Am Fuße der Wirklichkeit
Ein Maler als rasender Traumtänzer von erstaunlichem Bildwitz: Die Hypo-Kunsthalle zeigt Adolph von Menzel als obsessiven Zeichner.
So hat man Adolph von Menzel selten gesehen: Als Männlein in Moriskentänzerpose mit Pinsel zwischen den Zähnen, der mit erhobenen Armen Farbkleckse um sich schleudert. Das „Selbstbildnis als tanzender Maler“ entstand um 1861 – und zeigt eine ungewöhnliche Seite des Künstlers, der sonst mit fast furchteinflößend durchdringendem Blick auf die Welt schaut.
Und dem beim Beobachten seiner Zeitgenossen, ob Adlige, Bürger oder Arbeiter, keine Facette der Wirklichkeit entging. Da ist der Maler als rasender Traumtänzer von erstaunlichem Bildwitz. Jetzt widmet die Hypo-Kunsthalle dem großen Realisten des 19. Jahrhunderts (1815 bis 1905) eine umfassende Ausstellung, in der die Skizzen des obsessiven Zeichners im Zentrum stehen.
Man kennt Menzel, den Sohn eines Lithographen, der als Schöpfer unermesslich detailgenauer Gemälde wie „Das Flötenkonzert Friedrichs des Großen“, der „Krönung Wilhelms I. in Königsberg“ und „Eisenwalzwerk“. Doch die Schau reißt den Historienmaler nur an und lässt stattdessen – am roten Faden der 70 Skizzenbücher (am Touchscreen durchblätterbar) entlang – hinter den Werken Menzel und sein Leben sichtbar werden. Den 1,40 Meter kleinwüchsigen Mann („kleine Exzellenz“ genannt), der in allen Manteltaschen Skizzenbüchlein mit sich herumtrug und noch nachts um eins das kalt gewordene Abendessen abmalte. Und der nie heiratete, weil die von ihm angebetete Friederike Arnold ihn unerhört ließ. Der stattdessen zeitlebens in engem Anschluss an die Familie seiner Schwester lebte – und stolze 90 Jahre alt wurde. Und man meint zu erkennen, dass Menzel, der zwar als Maler zu höchsten Ehren fand, letztlich gesellschaftlich ein Außenstehender blieb – und nur aus dieser Position heraus seine Zeit derart klar sehen konnte.

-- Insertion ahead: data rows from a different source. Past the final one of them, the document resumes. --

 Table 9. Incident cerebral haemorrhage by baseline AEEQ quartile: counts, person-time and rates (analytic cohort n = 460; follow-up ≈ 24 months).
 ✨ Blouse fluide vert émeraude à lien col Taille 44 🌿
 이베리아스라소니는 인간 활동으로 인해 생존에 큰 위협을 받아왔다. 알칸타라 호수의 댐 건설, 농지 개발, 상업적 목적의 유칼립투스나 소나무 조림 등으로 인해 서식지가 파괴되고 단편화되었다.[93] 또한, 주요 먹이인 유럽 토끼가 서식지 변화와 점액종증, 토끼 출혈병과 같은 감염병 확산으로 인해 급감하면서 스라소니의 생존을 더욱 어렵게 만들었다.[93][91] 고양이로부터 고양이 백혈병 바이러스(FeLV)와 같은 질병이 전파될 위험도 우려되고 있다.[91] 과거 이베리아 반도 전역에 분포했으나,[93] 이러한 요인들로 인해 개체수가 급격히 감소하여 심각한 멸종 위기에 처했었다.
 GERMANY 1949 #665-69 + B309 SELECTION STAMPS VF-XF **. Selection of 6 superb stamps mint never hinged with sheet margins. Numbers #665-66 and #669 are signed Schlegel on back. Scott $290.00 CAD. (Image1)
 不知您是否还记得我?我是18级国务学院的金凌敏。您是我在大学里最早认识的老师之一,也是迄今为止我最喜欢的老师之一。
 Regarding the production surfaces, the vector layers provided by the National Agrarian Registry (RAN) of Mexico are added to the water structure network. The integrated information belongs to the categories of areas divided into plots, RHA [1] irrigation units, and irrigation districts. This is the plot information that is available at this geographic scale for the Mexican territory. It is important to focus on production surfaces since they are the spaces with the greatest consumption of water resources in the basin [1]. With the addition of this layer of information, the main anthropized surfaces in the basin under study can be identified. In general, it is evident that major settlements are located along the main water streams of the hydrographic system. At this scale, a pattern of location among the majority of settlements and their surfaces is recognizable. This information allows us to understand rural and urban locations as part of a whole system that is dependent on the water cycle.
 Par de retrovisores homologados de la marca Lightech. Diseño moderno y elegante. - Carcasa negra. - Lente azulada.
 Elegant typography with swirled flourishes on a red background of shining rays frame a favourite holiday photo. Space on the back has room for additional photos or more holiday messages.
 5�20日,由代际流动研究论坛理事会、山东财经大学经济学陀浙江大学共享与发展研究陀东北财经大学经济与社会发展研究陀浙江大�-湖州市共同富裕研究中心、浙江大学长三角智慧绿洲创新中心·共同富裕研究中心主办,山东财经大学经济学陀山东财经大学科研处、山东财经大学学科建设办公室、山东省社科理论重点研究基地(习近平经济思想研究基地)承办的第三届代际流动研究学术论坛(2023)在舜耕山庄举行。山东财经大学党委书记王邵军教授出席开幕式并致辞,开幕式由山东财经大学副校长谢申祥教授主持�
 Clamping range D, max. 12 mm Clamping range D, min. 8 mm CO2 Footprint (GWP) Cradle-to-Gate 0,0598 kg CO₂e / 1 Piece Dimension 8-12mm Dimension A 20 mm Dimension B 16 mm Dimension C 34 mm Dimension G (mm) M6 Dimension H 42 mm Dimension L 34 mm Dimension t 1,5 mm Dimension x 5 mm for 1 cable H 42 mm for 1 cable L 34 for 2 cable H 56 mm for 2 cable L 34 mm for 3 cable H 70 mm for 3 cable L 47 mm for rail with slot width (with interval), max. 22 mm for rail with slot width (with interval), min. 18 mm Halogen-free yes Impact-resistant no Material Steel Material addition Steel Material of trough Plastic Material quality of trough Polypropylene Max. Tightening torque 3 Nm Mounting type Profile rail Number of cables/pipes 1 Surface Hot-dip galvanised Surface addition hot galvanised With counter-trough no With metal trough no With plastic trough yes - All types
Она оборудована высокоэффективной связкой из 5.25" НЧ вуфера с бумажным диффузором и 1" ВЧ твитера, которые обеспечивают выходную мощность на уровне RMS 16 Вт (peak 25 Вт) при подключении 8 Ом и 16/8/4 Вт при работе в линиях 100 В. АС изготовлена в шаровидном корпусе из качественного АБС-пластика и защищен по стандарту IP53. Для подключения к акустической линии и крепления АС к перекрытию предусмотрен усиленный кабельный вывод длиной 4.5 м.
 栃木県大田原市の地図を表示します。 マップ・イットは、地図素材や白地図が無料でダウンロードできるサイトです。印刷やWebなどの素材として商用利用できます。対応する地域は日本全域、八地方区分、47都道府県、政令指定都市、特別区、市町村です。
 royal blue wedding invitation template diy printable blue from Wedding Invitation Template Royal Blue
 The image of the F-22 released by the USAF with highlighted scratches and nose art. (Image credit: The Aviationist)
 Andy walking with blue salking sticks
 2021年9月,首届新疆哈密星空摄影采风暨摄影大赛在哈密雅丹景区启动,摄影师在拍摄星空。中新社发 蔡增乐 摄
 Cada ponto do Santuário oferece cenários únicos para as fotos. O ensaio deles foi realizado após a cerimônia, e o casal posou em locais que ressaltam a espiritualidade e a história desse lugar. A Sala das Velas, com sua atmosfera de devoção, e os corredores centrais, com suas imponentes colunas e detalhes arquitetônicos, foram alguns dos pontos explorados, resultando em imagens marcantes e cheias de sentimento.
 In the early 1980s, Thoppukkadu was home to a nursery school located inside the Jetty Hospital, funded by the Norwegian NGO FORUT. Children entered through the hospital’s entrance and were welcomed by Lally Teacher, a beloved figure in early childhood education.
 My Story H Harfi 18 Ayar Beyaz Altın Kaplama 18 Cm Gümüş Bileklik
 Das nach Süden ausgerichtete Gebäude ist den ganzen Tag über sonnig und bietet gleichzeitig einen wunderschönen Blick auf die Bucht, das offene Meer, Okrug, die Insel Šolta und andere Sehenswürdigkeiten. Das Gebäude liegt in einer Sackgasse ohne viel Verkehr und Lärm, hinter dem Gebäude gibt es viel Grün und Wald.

Dabei nahm er die unbarmherzige Selbstbetrachtung keineswegs aus, was etwa das ungewöhnliche Gemälde mit dem Fuß des alternden Künstlers von 1876 oder das wie vom Schmerz zersetzte „Selbstbildnis mit Zahnrose“ 1892 zeigt. Darüber hinaus kann man anhand der liebevoll-scharfsichtigen Porträts seiner Geschwister, der Eindrücke auf Reisen (z.B. Touristen, die die Ruine Rheinfels zum Pissoir umfunktionieren), der ungewöhnlichen Stadtansichten (u.a. auch von München) und seiner Späh-Angriffe aufs aufgeplusterte Publikum im Theater, auf Bällen, in der Kirche Menzels Können bestaunen. Dennoch sind seine Bilder nie karikatu-resk überspitzt; und stets spielt die Lust am Augenreiz von Prunksälen, Ornat und Roben – und vor allem am Licht! – eine Rolle. Ebenso in seinen Kirchen-Interieurs, die nicht in der Technik, aber inhaltlich impressionistisch sind.
Einzig Erotik kam kaum vor in Menzels erschöpfender Kunst – äußerstes Wagnis war der schiefe Blick ins Dekolleté einer korpulenten Dame. Aber vor dem Tod machte Menzels allumfassendes Interesse nicht halt. 1866 hat er Sterbende nach der Schlacht von Königgrätz porträtiert. Danach widmete sich Menzel nie wieder dem Krieg, weil er zum Schluss kam, dass „keine Malerei die verheerenden Schrecken zu zeigen vermag“.